Hi, I’m Kellie Baxter with the Utah Asthma Program. I coordinate the Utah Asthma Home Visiting Program, an in-home asthma education program. Six months after the launch of this program, our Evaluator Holly Uphold completed a process evaluation to help improve implementation of the program. The evaluation produced many recommendations. Implementing all of these recommendations felt daunting for a program in its infancy with newly trained staff still getting their bearings! Our solution? A post-evaluation action plan.
We started by dedicating a portion of our monthly partner meetings to evaluation. We reviewed the recommendations with stakeholders and reached a consensus about which recommendations should be implemented. From there, we created an action plan that could address all the recommendations without overwhelming staff implementing the program.
Hot Tip: Use stakeholders to help prioritize evaluation findings before writing your action plan. This will help increase stakeholder buy-in and guide the focus and timeline for implementing evaluation findings. We went through a number of prioritization processes to develop our action plan:
- As coordinator for the program responsible for implementing these changes, I started by separating out the recommendations that I could easily do myself (e.g. minor changes to data collection forms), and which recommendations required stakeholder input (e.g. changes to program curriculum, format, or referral processes). This decreased the number of recommendations that needed to be prioritized.
- After completing this process, we developed criteria for initial prioritization. Some of the criteria we considered included:
- Perceived benefit or impact (How much will this change benefit or impact the program participants? How much will this change benefit or impact the local health departments implementing the program?)
- Importance (How important is this change to program operation?)
- Urgency (How soon does this change need to be implemented?)
- Effort to implement the change (How much effort is required to make this change?)
Cool Trick: Use an online survey to streamline the prioritization process. Stakeholders were given an online survey and asked to complete it before the next monthly meeting. This survey listed the recommendations to be implemented and required that stakeholders rank them by the evaluation criteria. This helped identify areas of consensus among stakeholders and further narrowed the list of recommendations that had to be discussed and prioritized in person.
Results from the survey were presented at the monthly partner meeting. Recommendations that didn’t have clear consensus from the survey were discussed in-person during a group prioritization activity.
Rad Resource: Techniques like an Impact Effort Matrix or the NACCHO Guide to Prioritization Techniques can help guide your group prioritization discussion.
Using the results from these prioritization activities, an action plan was created and each recommendation was assigned a timeline and lead person. Progress on the action plan was reviewed at monthly meetings.
Hot Tip: Creating the action plan as an online shared document will help stakeholders keep track of the recommendations, who is responsible, and the deadlines.
The American Evaluation Association is celebrating Post Evaluation Action Planning Week.
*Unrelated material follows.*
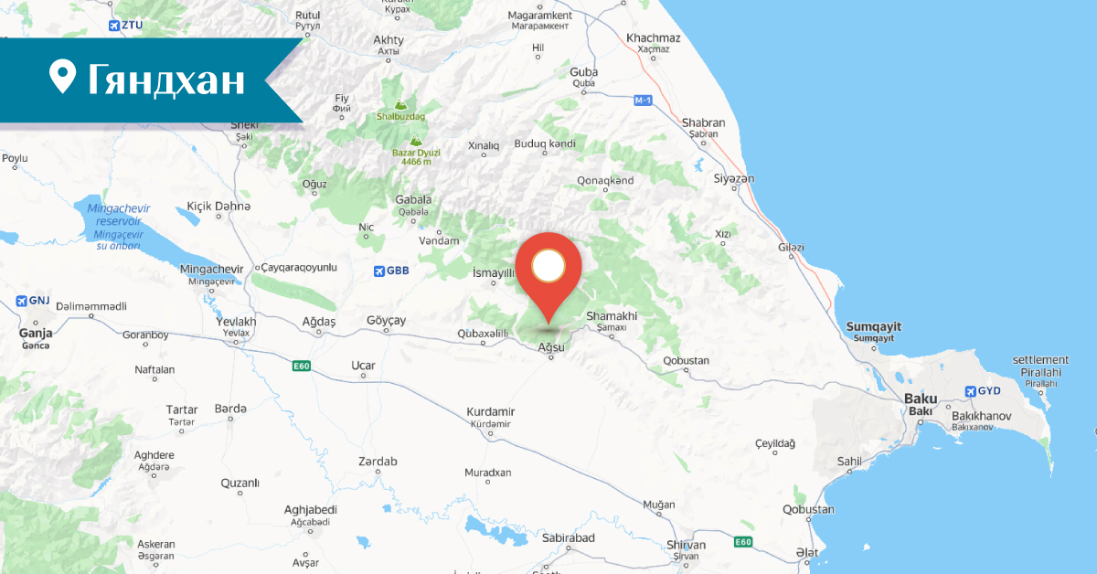 Армянское село Гяндхан[1] находилось в 10,9 км к северо-западу от районного центра Агсу, на территории современного Агсуйского района. В древности село входило в состав исторического Ширвана.

All posts this week are contributed by evaluators who came together to write about a simple, but rarely-used tool for encouraging the use of evaluation findings by decision-makers – the action plan. Do you have questions, concerns, kudos, or content to extend this aea365 contribution? Please add them in the comments section for this post on the aea365 webpage so that we may enrich our community of practice. Would you like to submit an aea365 Tip? Please send a note of interest to aea365@eval.org . aea365 is sponsored by the American Evaluation Association and provides a Tip-a-Day by and for evaluators.
“Use stakeholders to help prioritize evaluation findings before writing your action plan. ”
That recommendation brought tears to my eyes.
We hardly ever ask stakeholders what they think.
We fall in love with our pet recommendations and priorities and then wonder why implementation is so rocky.
We need more cool tools like this.
Hi Kellie,
Thanks for sharing your evaluation process as it pertains to the Utah Asthma program.
In my experience any time a project on this scale is rolled out – evaluating it can be challenging.
I really liked the idea of engaging stake holders prior to meetings, specifically online. I think that this allows for stakeholders to complete the surveys on their own time (which may increase response rates) and allows you a way to collect data easily. I am definitely going to utilize this in my next evaluation process.
Have you thought about engaging participants of the study in the same manner to see if the program has been helpful (if you haven’t already)?